Fulham F.C. had their ground in the park for two years from 1889. Early in the 20th century, a few test flights were carried out there with flying machines.

Parsons Green is referred to in an early poem by Sir John Betjeman, The Varsity Students Rag, as a place where the poem's protagonist is said to have a "run-in" with a policeman.
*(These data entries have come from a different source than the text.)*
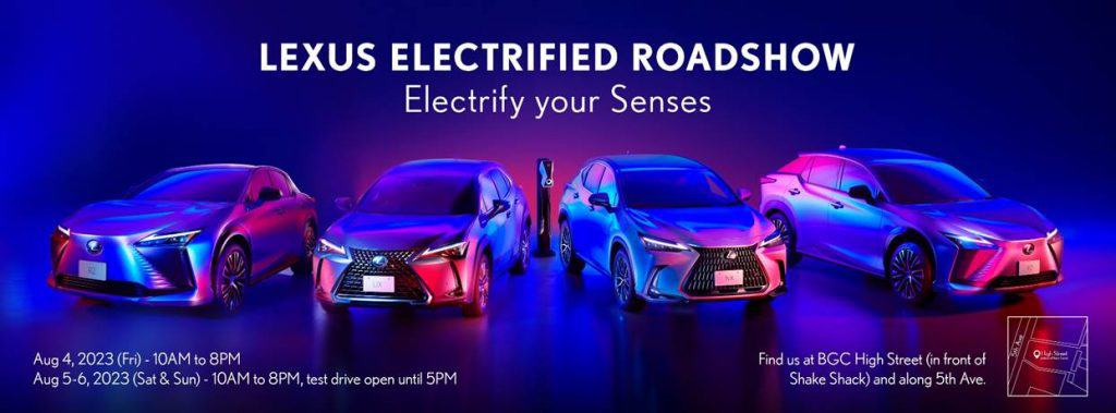 The Lexus Electrified Roadshow is a showcase of the brand’s unique hospitality and the company’s commitment to a greener and more sustainable future. It will take place from August 4 to 6 (Friday to Sunday), 2023 at the Bonifacio High Street Ampitheater (in front of Shake Shack) on 5th Avenue, Bonifacio Global City. The displays and activities will be open from 10am to 8pm for the duration of the event. Test drives will be from 10am to 6pm, with a last call for registration at 5pm.
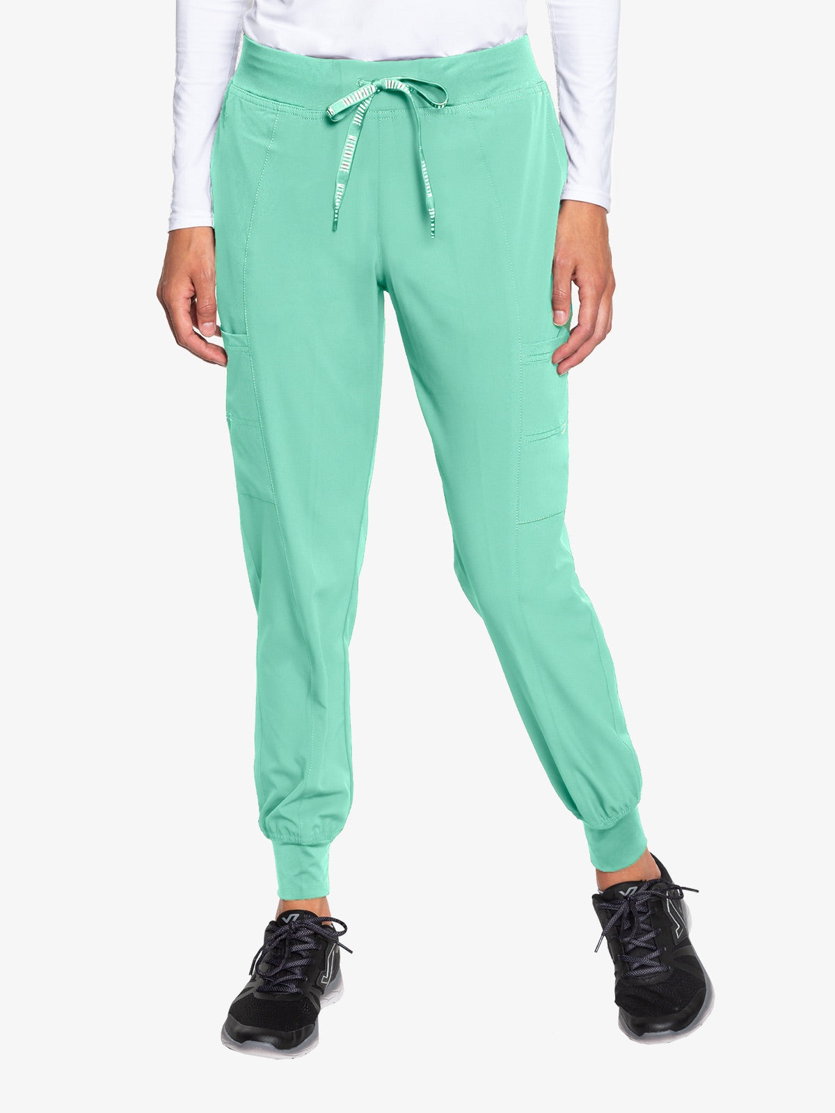 Level up your scrub game with these sleek joggers. An elastic waistband with an outer drawcord lets you adjust the fit. The elastic cuffs feel comfortable and relaxed.
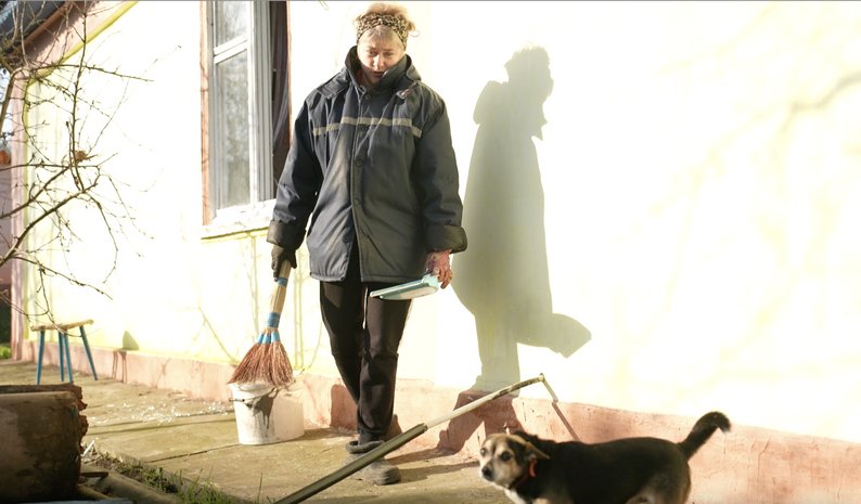 Пані Олена та пес Жук прибирають наслідки атаки дронів на Золотоніщину 14 листопада 2025 року. Суспільне Черкаси
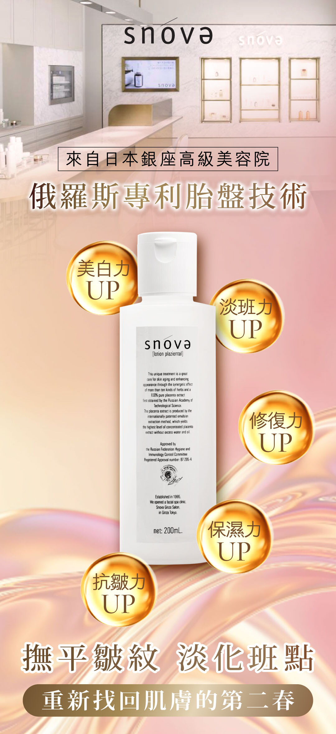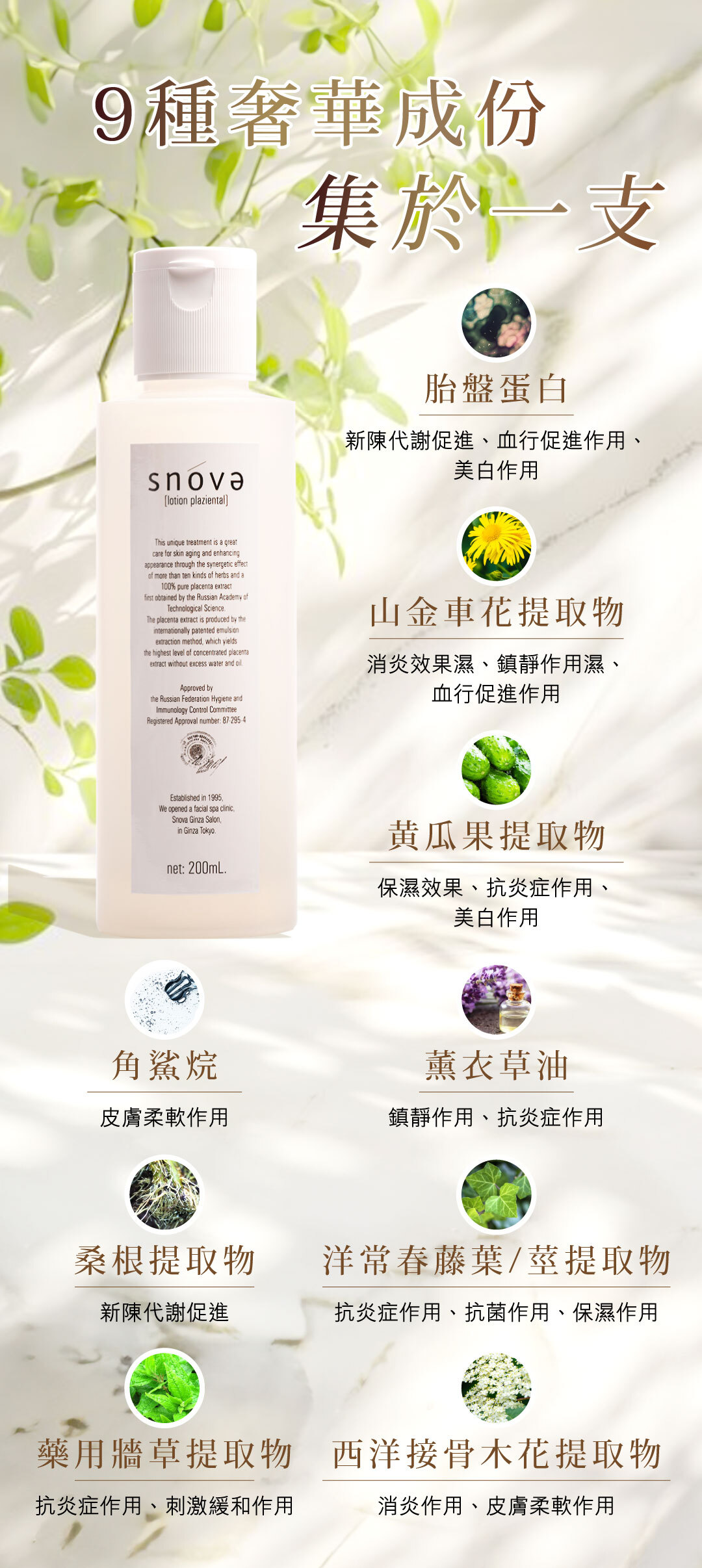 源自日本銀座高端美容沙龍品牌的Snova,獨家採用俄羅斯專利技術萃取的100%純淨「KURASA胎盤素原液」,融合多種珍貴草本精華,打造這款多機能保濕乳液。輕盈不黏膩的質地,專為追求簡約高效保養的你而生——僅需化妝水後一抹,即可全面呵護肌膚,帶來柔軟、水潤與自然光澤。
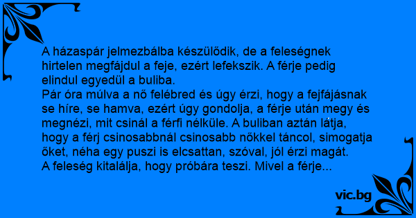 Pár óra múlva a nő felébred és úgy érzi, hogy a fejfájásnak se híre, se hamva, ezért úgy gondolja, a férje után megy és megnézi, mit csinál a férfi nélküle. A buliban aztán látja, hogy a férj csinosabbnál csinosabb nőkkel táncol, simogatja őket, néha egy puszi is elcsattan, szóval, jól érzi magát.
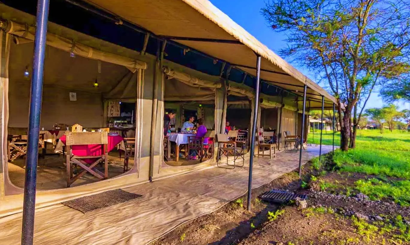 Tanzania Bush Ndutu Mobile Camp è un campo tendato stagionale situato da dicembre a marzo nella remota regione di Ndutu all’interno dell’Area di Conservazione di Ngorongoro. La sua posizione privilegiata offre l’opportunità di assistere alla Grande Migrazione degli gnu durante la stagione dei parti. Il campo è composto da dieci spaziose e confortevoli tende con bagno privato dotato di WC a sciacquone, doccia calda e lavandino. La tenda centrale comune comprende un salone arredato con comodi divani e sedie, un bar ben fornito e un ristorante che propone un mix di cucina continentale e locale.
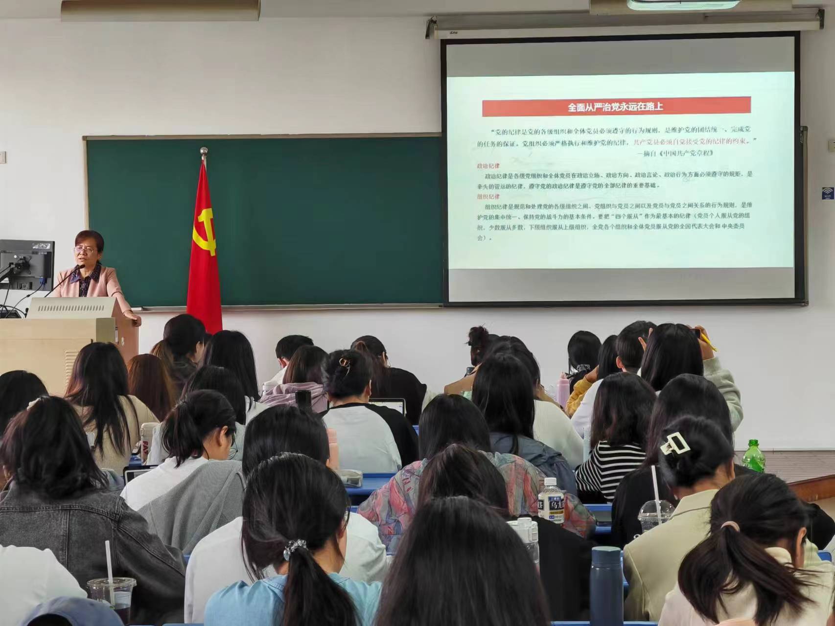 童玉玲以《从严治党永远在路上——学习解读<中国共产党纪律处分条例>(2023)》为主题,从《中国共产党纪律处分条例》(以下简称《条例》)修订的背景和主要条款出发,帮助大家深刻认识《条例》的重要意义,准确把握《条例》修订的主旨要义。近日,中共中央办公厅印发了《关于在全党开展党纪学习教育的通知》,为深入学习贯彻修订后的《条例》,自2024年4月至7月,在全党开展党纪学习教育。作为学生党员,须认真学习贯彻《条例》内容,切实做到学纪、知纪、明纪、守纪,搞清楚党的纪律规矩是什么,弄明白能干什么、不能干什么。
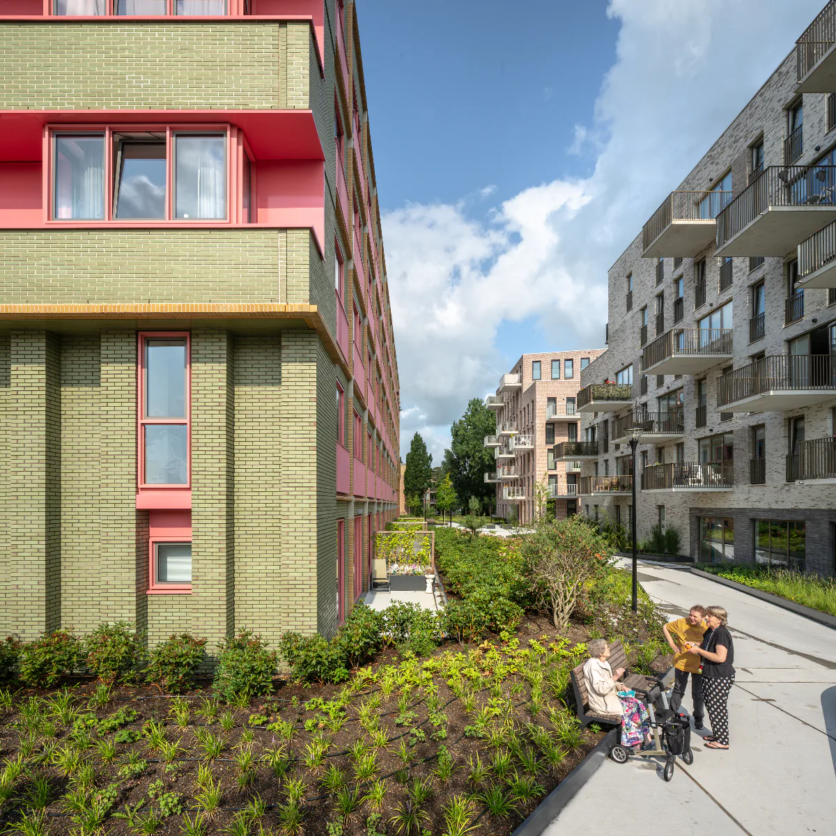Een belangrijk onderdeel van de wijk is de Groene Duin, een buitenruimte die tevens het dak vormt van een ondergrondse parkeervoorziening. Rond deze ruimte staan vijf appartementengebouwen, terwijl bestaande aanleunwoningen behouden zijn gebleven. De gebouwen zijn ontworpen door Monadnock, Zecc, Egm, Inbo en Bybali en verschillen in vorm en uitstraling. Ze zijn ingebed in een landschap met hoogteverschillen en wandelpaden.
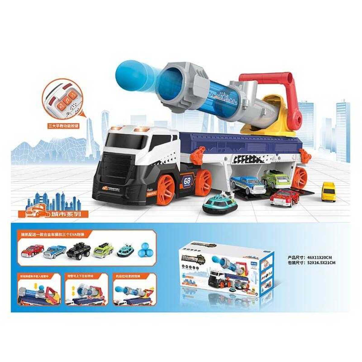 Трейлер E 7007 Штрих = 60274 (12) підсвічування, озвучування англійською, металопластикова машинка, механічний запускач, гараж, м“які кульки, в коробці
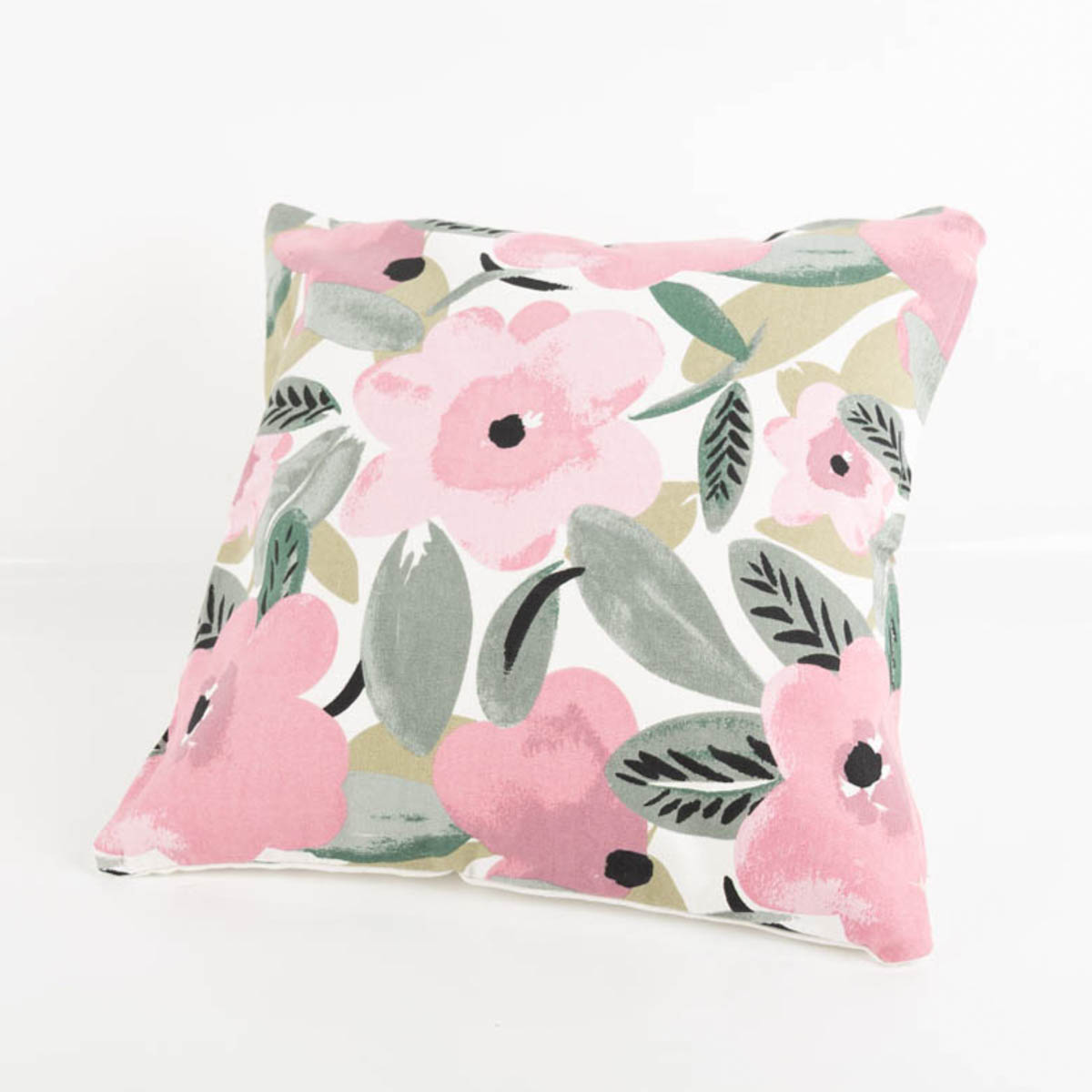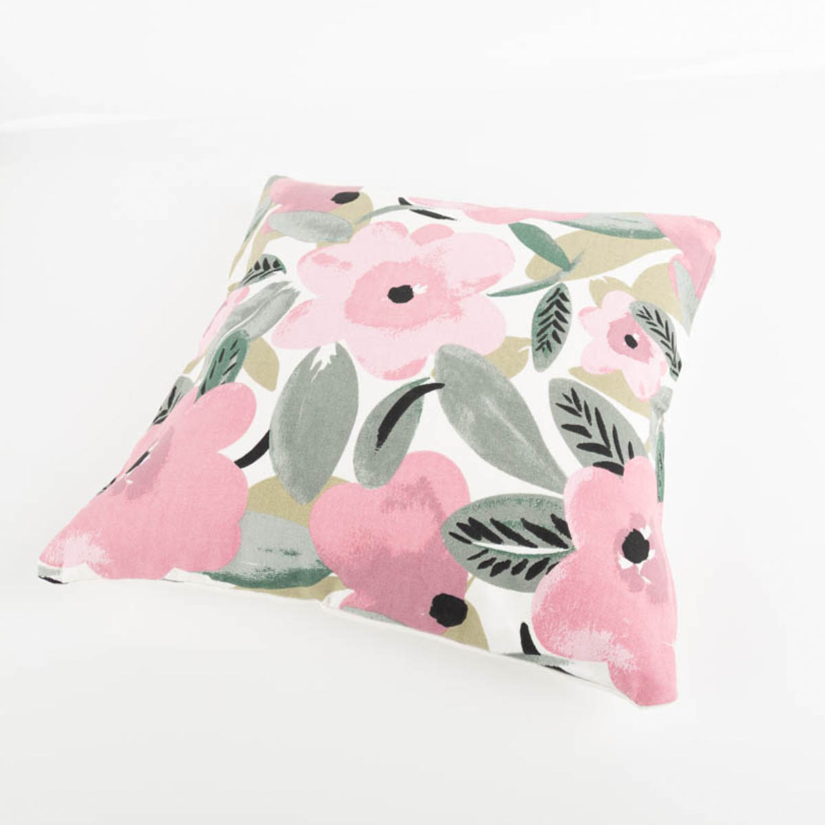 Kissenhülle Canvas mit Blumen in Rosa 40x40 cm – Sommerliches Dekokissen mit floralem Print

On 15 September 2017, an explosion occurred on a London Underground train at Parsons Green, injuring 29 people. The improvised explosive device was placed in a bucket but did not fully detonate, with injuries being largely burn related. No fatalities were reported. An 18-year-old Iraqi refugee was arrested the next day at the Port of Dover. He was subsequently sentenced to life imprisonment with a minimum jail term of 34 years, having found to have been in contact with members of Islamic State.

==Demographics==

In 2018, the ward of Parsons Green & Walham had a population of 11,041 people. Parsons Green & Walham has the highest income of any ward in Hammersmith and Fulham, with an average gross household income of £63,700. The ward is 56.8 per cent White British and 25.4 per cent Other White, mainly consisting of EU citizens, Australasians and North Americans.

==Houses of note==
- Holly Bush House – later 'East End', tenancy of Maria Fitzherbert, demolished 1884
- Belfield House – home of Mrs Jordan, later part of Lady Margaret School
- Elm House – also became part of Lady Margaret School
- Henniker – later Park House, designed by Thomas Cubitt, demolished 1889
- Aragon House
- Gosford Lodge
- Pitts Place terrace, including Albyn, Belgrave, Cradley, Rosslyn and Sefton

==Notable residents of the Green==
- Sir William Butts (c.1486–1545) – physician to Henry VIII
- John Mordaunt, 1st Earl of Peterborough at Peterborough House
- Charles Mordaunt, 3rd Earl of Peterborough at Peterborough House
- Sir John Powell (1645–1713) Baron of the Exchequer
- Admiral Sir Charles Wager (1666–1743)
- Samuel Richardson (1689–1761) – moved here from North End, Fulham
- T. Crofton Croker (1798–1854) – Irish antiquary and writer on Fulham
- Carol Lambrino (1920–2006) – First son of King Carol II of Romania
- Charles Kay (1930-2025) - Actor lived in Parson's Green for many years.
- Paul Merton (born 1957), Comedian and actor, born in Parsons Green.
- Toni Halliday (1964-) Musician and member of rock band Curve, born in Parsons Green.

==Transport==
Bus route 22 includes New King's Road and the area is also served by Parsons Green tube station on the District line.

== Politics ==
Parsons Green is part of the Parsons Green and Sandford ward for elections to Hammersmith and Fulham London Borough Council.